The diagnosis of FGN can be established by renal biopsy, and electron microscopy findings demonstrates randomly arranged nonbranching fibrils with a mean diameter of 18-20 nm (range 10-30 nm) deposited in mesangial areas and along GBM. The fibrils are mostly confined to glomeruli and stain by immunofluorescence for IgG, C3, kappa, and lambda [6].

Histologically, renal biopsies demonstrate diffuse mesangial expansion by eosinophilic material which is negative for Congo red stain. Other histologic patterns include mesangial proliferation, membranoproliferative glomerulonephritis, crescents (~25%), and segmental and/or global glomerular scarring [6]. In 2018, the Mayo Clinic [7] and the University of Washington [8] groups identified DNAJB9, one of the most abundant proteins in the FGN glomerular proteome. DNAJB9 is present in the normal kidney at low levels in podocytes, renal tubular epithelial cells, and endothelial and mesangial cells. The only disease associated with DNAJB9 extracellular deposition is FGN. DNAJB9 is not seen in other forms of glomerulonephritis or amyloidosis. DNAJB9 co-localizes with IgG and components of the classic complement pathway in glomeruli. The sensitivity and specificity of DNAJB9 staining for the diagnosis of FGN are known to be 98% and 99%, respectively [9]. The DNAJB9 stain also helps to establish the diagnosis of FGN when electron microscopy is not readily available.

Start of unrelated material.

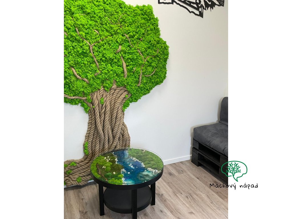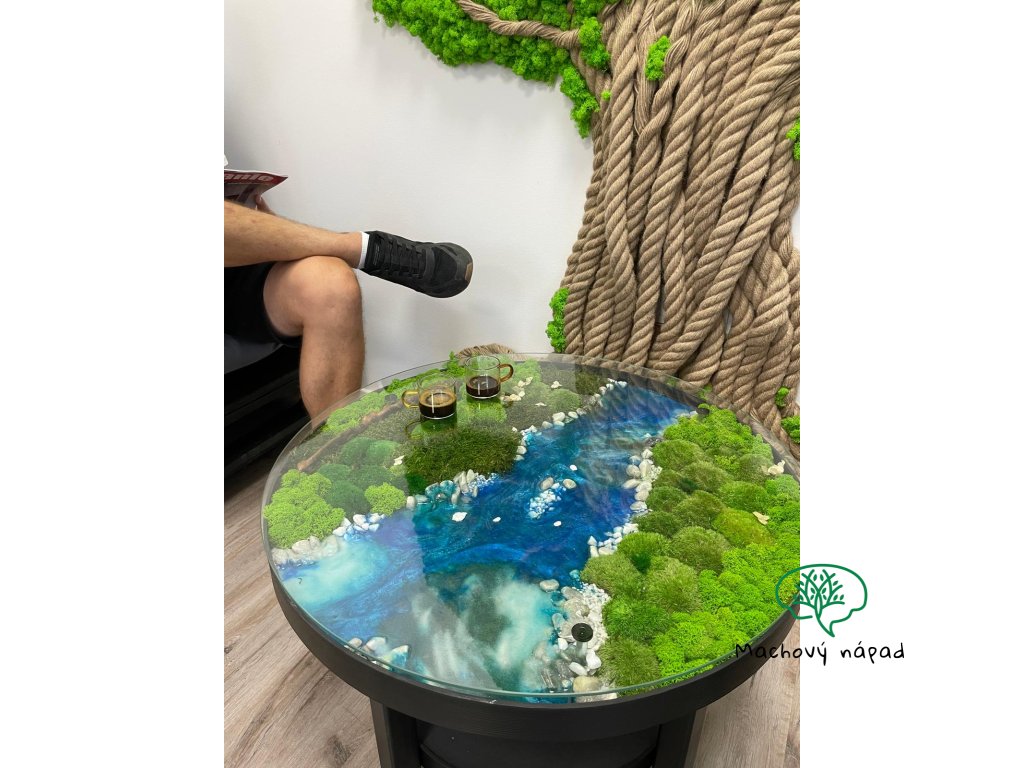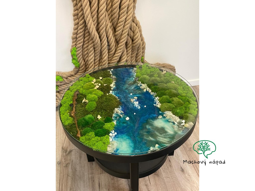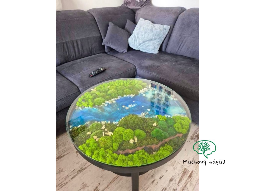 Tento ručný umelecký kúsok je viac než len stôl – je to pohľad do prírody prenesený priamo do vášho interiéru. V srdci stola nájdete stabilizovaný mach, kamienky, drevo a krištáľovo čistú epoxidovú rieku, ktoré spolu vytvárajú dychberúci trojrozmerný efekt.

The differential diagnoses for FGN include amyloidosis and immunotactoid glomerulopathy. The Congo red positivity with apple-green birefringence under polarized light and the thickness of the fibrils (8-12 nm) help to differentiate amyloidosis from FGN (Figure 4). Immunotactoid glomerulopathy can be distinguished by their thicker fibrils (30-50 nm) and the presence of a microtubular appearance with a hollow core [6].

Figure 4. Electron Microscopic Findings of Amyloidosis (UPMC case) showing Non-branching, haphazardly arranged fibrillar material ranging in thickness from 6.32 to 14.9 nm (11.23 +/- 2.58 nm)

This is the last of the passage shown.